Johann Gottfried Walther (1684-1748), like his slightly younger cousin Johann Sebastian Bach (1685-1750), transcribed several concerti of Italian Baroque composers for organ or harpsichord. In the case of works by well-documented composers such as Antonio Vivaldi (1678-1741), the original scoring for strings is extant along with the transcriptions. In other cases, however, only the transcription survives, and the identity of the original composer may be in some doubt. Walther's Organ Concerto in B-minor is of the latter sort, being an adaptation of a no longer extant score by a Signor Meck about whom little is known. At the Solemn Mass on Sunday, the Prelude will be the first two movements of this Concerto in B-minor, and the Postlude will be its third and final movement.
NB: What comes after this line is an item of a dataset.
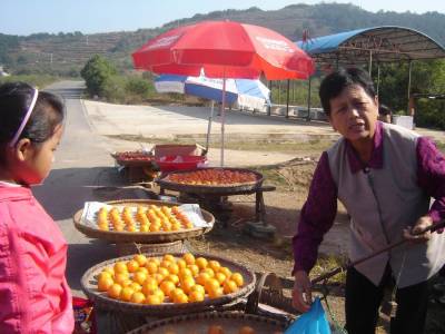”卖完了李子,卖板栗,如今主要是卖柿子。一天最多可以赚上200多元!”10月17日,在孝昌县观音湖生态文化旅游区陈井村,游客们在欣赏山水秋色之余,争相选购当地纯天然的柿子、南瓜、食用菌等农特产品。据悉,为充分放大旅游产业的辐射带动作用,该县已在通往观音湖景区的沿线开发出长12.6公里的现代农业示范带,栽植了桃、李、杏、柿、茶等果茶基地3万亩,产出的农特产品顺势搭上了”旅游快车”,增收效果日渐明显。(本报视界网项建华摄)【通联】孝昌县委宣传部新闻科项建华电话:138718990604763670邮编:432900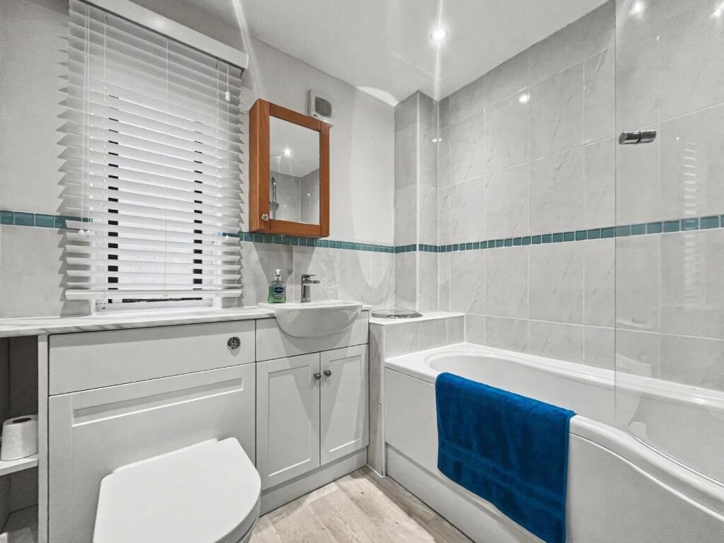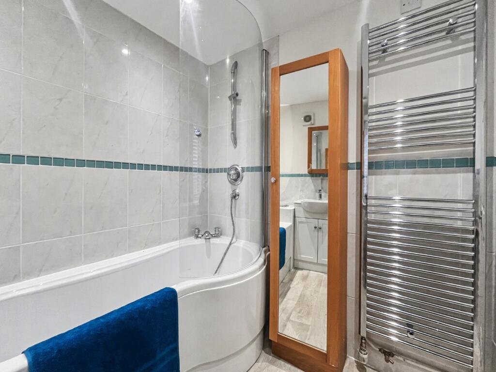 Bathroom: Three piece suite comprising of Shower over `P`shaped bath, vanity sink unit incorporating WC. Window to the front, heated towel radiator.

HOMELESS MINISTRY . . . The next Homeless Ministry Drop-in Day will take place on Friday, August 18. For more information, or if you would like to volunteer, please contact Father Jay Smith.
DONATIONS FOR ALTAR FLOWERS. . . We are very thankful that flowers have been given for all of the Sundays in July and August. Thank you to those who are able to support this ministry! They are seen by hundreds of people every week. Donations for flowers are needed for all of the Sundays in September. If you would like to make a donation, please contact the parish office at 212-869-5830 or by e-mail.
LOOKING AHEAD . . . Sunday, August 6, The Transfiguration of Our Lord Jesus Christ, Mass 9:00 AM and 10:00 AM, Solemn Mass 11:00 AM . . . Tuesday, August 15, Assumption of the Blessed Virgin Mary, Morning Prayer 8:30 AM, Noonday Prayer 12:00 PM, Sung Mass 12:10 PM, Organ Recital 5:30 PM, Solemn Mass 6:00 PM, Reception 7:30 PM . . . Monday, September 4, Labor Day, Federal Holiday Schedule . . . Friday, September 8, The Nativity of the Blessed Virgin Mary, Mass 12:10 PM and Sung Mass 6:00 PM.